Will the Financial Crisis of 2008 Repeat Itself? Here is a Detailed Analysis (2024)

08 June 2023

4 min read

Will the Financial Crisis of 2008 Repeat Itself? Here is a Detailed Analysis (1)

The financial downfall of 2007 – 2008, also known as the subprime mortgage crisis 2008, is considered the worst economic downfall since the Great Depression of the 1930s.

The great financial crisis began in 2007 in the subprime mortgage market in the United States and soon developed into a full-blown international banking downfall with the collapse of the investment bank Lehman Brothers on September 15, 2008.

Parameters That Led to the Financial Crisis of 2008

We saw the first sign of the financial collapse in 2006 when housing prices started to fall a bit.

During the period leading to this economic setback, the banks in the USA had started providing loans to people of questionable credit (therefore, the name sub-prime meant the borrowers were not prime or considered creditworthy).

These banks also provided people loans up to 100% value of the houses they bought.

The government also pushed this credit because the median GDP in the USA was not growing in the last two decades.

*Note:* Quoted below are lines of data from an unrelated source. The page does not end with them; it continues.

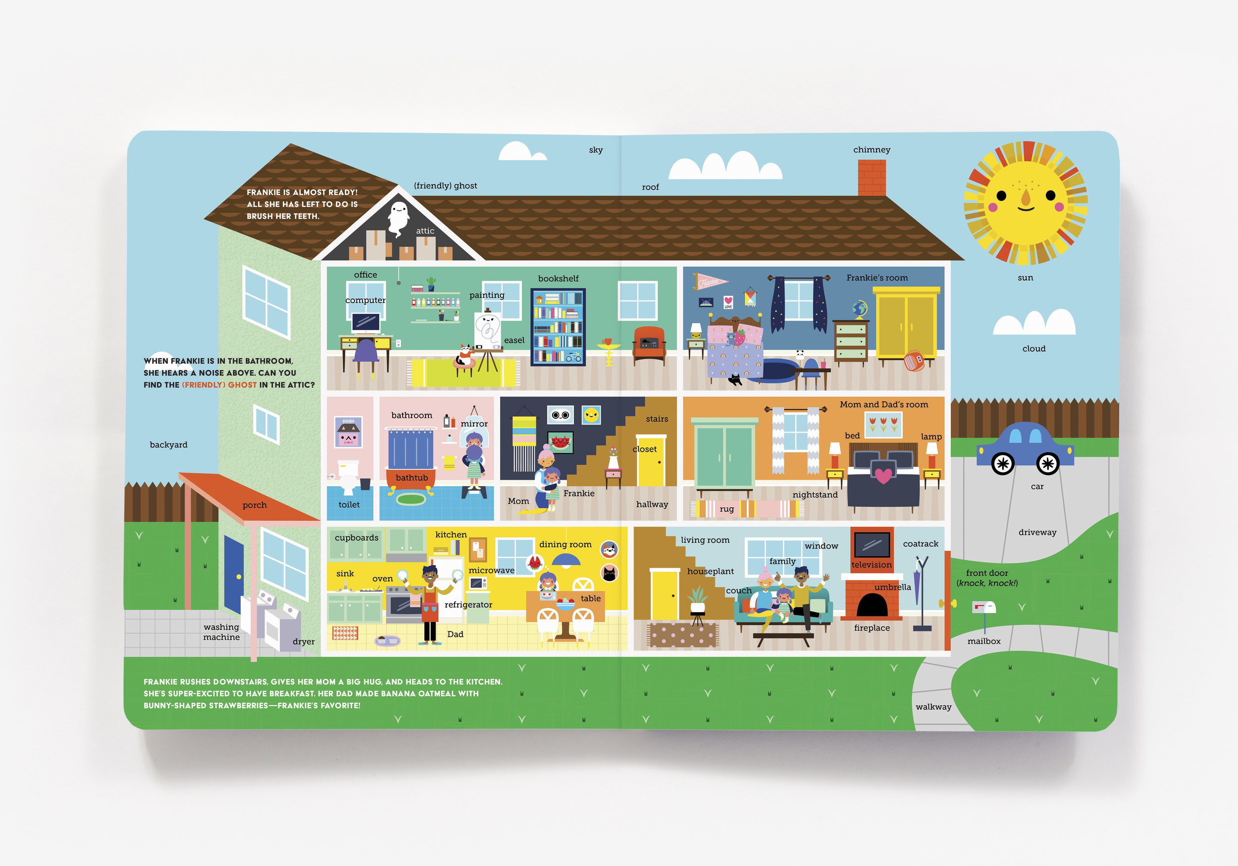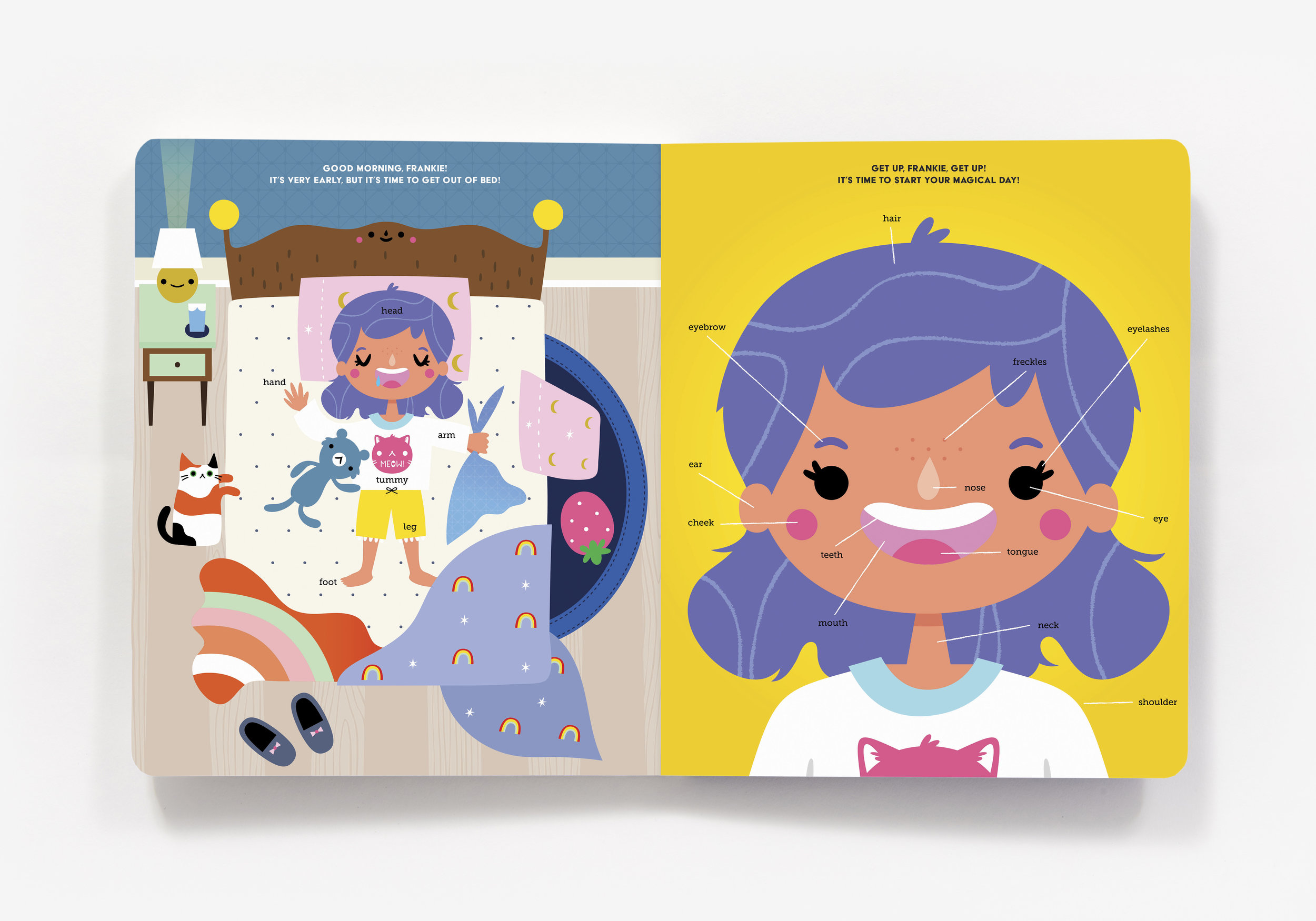 Charmingly illustrated by Michelle Romo, Frankie’s Magical Day is a first word book that introduces a mix of the unconventional and everyday terms. Featuring everything from a post office and a castle to a bunny bandit and a unicorn, this fun-filled book contains hundreds of objects and places clearly labeled to help little readers expand their growing vocabularies.
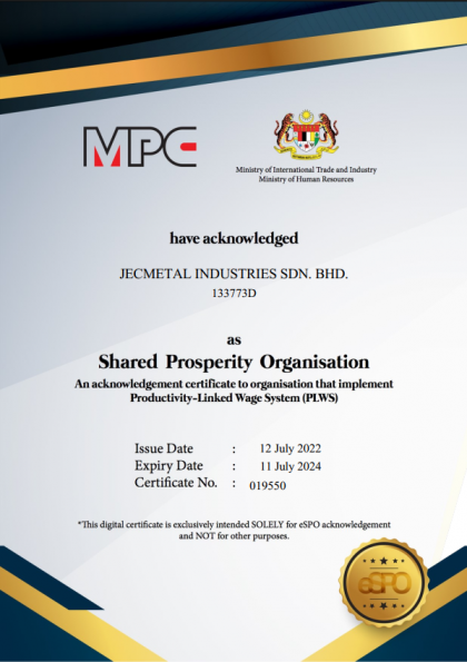 Jecmetal is committed to achieving a higher level of integration with customer by providing unique value added functions that will complement the growth and profitability of customers through focusing on VERSATILITY, FLEXIBILITY, RELIABILITY and other critical success factors of the customers.
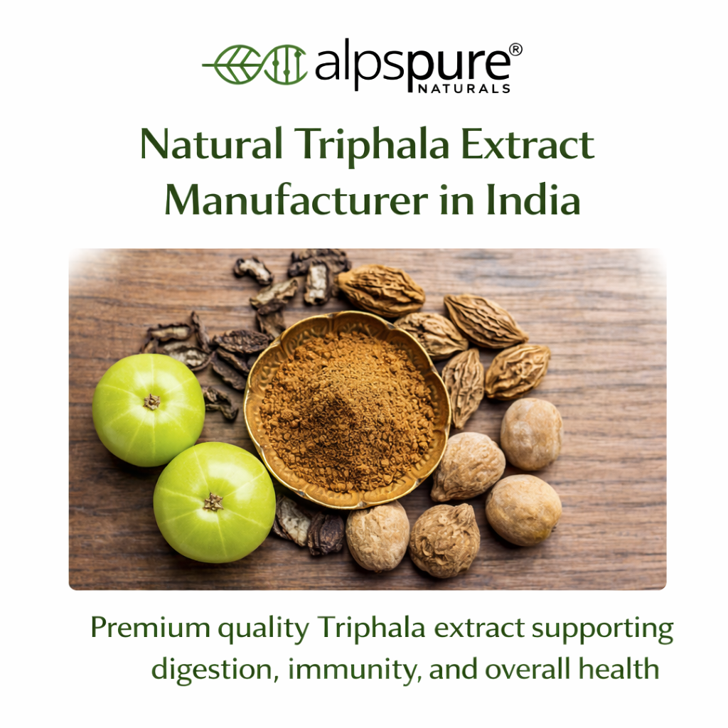 Alpspure Naturals is recognized as a trusted Natural Triphala Extract Manufacturer in India, where high-quality extracts are produced using advanced processes. Strict quality standards are followed, and purity, consistency, and effectiveness are ensured for global nutraceutical and pharmaceutical industries.
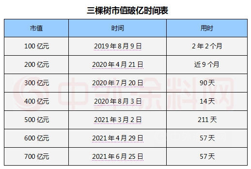 中外涂料注意到,三棵树市值首次突破百亿大关在2019年8月9日,第一个百亿用时2年2个月; 2020年三棵树实现三级连跳, 在2020年4月21日,总市值突破200亿元,第二个百亿用时近9个月; 2020年7月20日,总市值突破300亿元,第三个百亿用时90天; 2020年8月3日,三棵树总市值突破400亿元,第四个百亿用时14天; 2021年3月2日以最新收盘价进行计算,三棵树总市值达到502.3亿元,第五个百亿用时211天。2021年4月29日,三棵树市值突破600亿元,第六个百亿用时57天。2021年6月25日,三棵树市值突破700亿大关,用时57天。
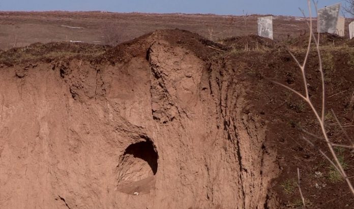 "Тогда зияли три дыры, могилы трех человек. Сейчас мы видим еще две. Это же ужас! Вон зияют дыры - даже кости видны. А на этой части откоса останки уже выпали из могилы. До сих пор не могу успокоиться. Кому только не говорил. Все знают, но никто не принимает мер. Поэтому пришлось мне обратиться в редакцию телекомпании "Отырар", - рассказал житель села Маятас.
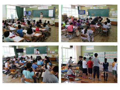 今日の3時間目から4時間目の子どもたちの学習の様子です。2年生は校区探検をした後、写真を使ってふりかえりをしていました。3年生は算数の学習でコンパスを使って円を描いていました。4年生は毛筆で「左右」を書いていました。6年生は音楽室で「マルセリーノの歌」の合奏練習をしていました。
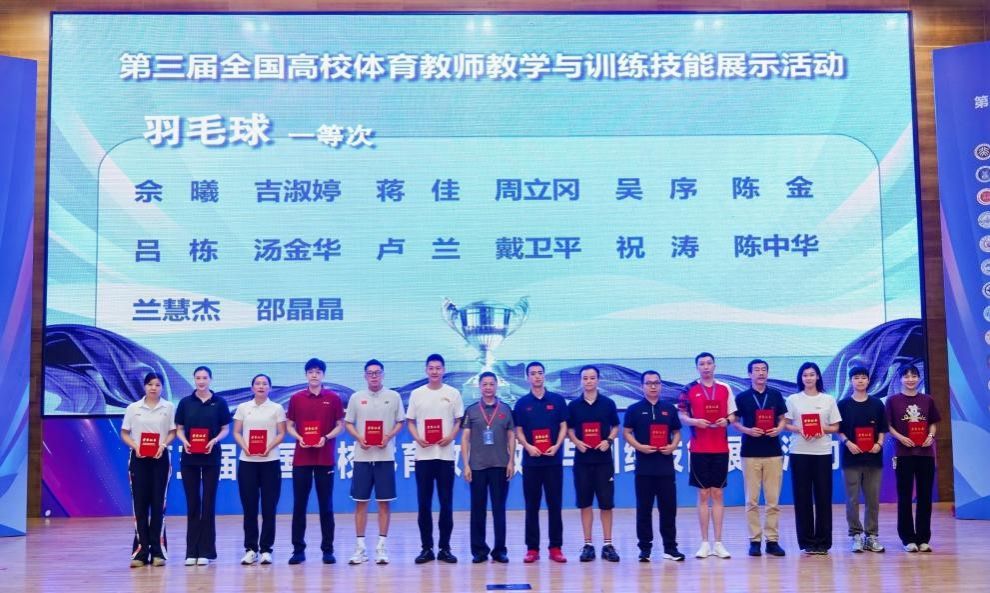 中大新闻网讯(通讯员姚颂华)10月10日-12日,由全国高等学校体育教学指导委员会主办、全国高等学校体育教学指导委员会公共体育学科组执行、华南理工大学承办的第三届全国高校体育教师教学与训练技能展示活动圆满完成。作为全国最高水平高校体育教师教学与训练技能展示的平台,来自全国31个省市自治区的103所知名高等院校的214名精英体育教师,怀揣着对体育教育事业的热忱与卓越的教学技能,同台竞技,呈现了一场精彩纷呈的技能比拼。我校派出羽毛球国家健将周立冈老师参赛,荣获一等奖!本次领队为体育部武东海教授。
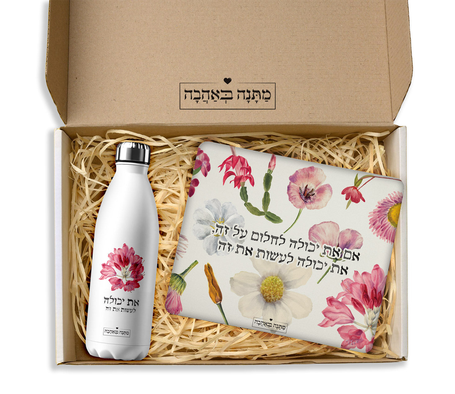 מארז מתנה למשרד דגם פרחי בר: פד לעכבר + מחברת עור (גודל רגיל)
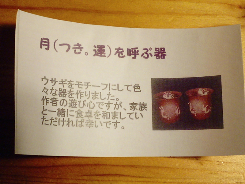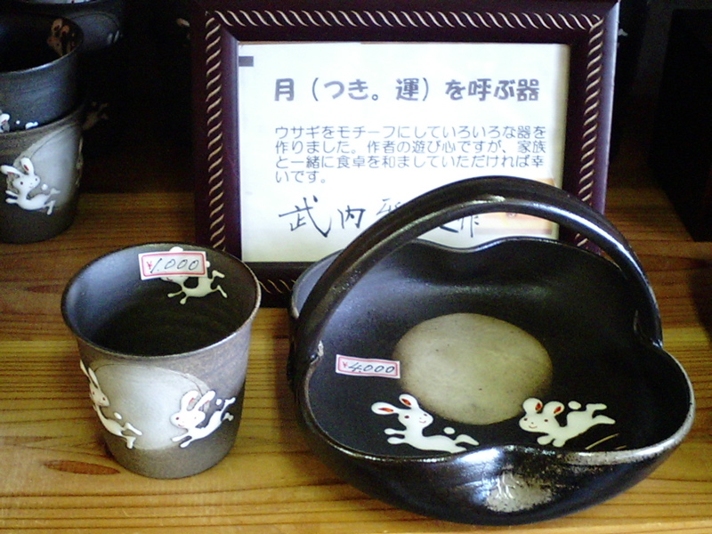 うさぎというより、一緒に描かれている月がツキを呼ぶってことみたいですが、実際にこのデザインの食器を買って幸福になれた方が何人もいるそうです、店主さん曰く。

Also, home loan interest rates had nearly reached zero during this time. Therefore, owning a house was considered an American dream which was thought to fuel the economic activity in the country by policymakers.

Further, it was exaggerated by the Gramm-Rudman Act, which allowed banks to trade in profitable derivatives that were eventually sold to investors.

These securities, popularly known as Mortgage Backed Securities (MBS), were backed by home loans as collaterals.

The MBS became so popular that all institutional investors worldwide, such as hedge funds, mutual funds and even pension funds, started to purchase these securities.

Pension funds considered these to be safe as they had enjoyed an AAA credit rating, and at the same time, these were insured by credit default swaps (CDS).

American International Group (AIG) sold these swaps during this time.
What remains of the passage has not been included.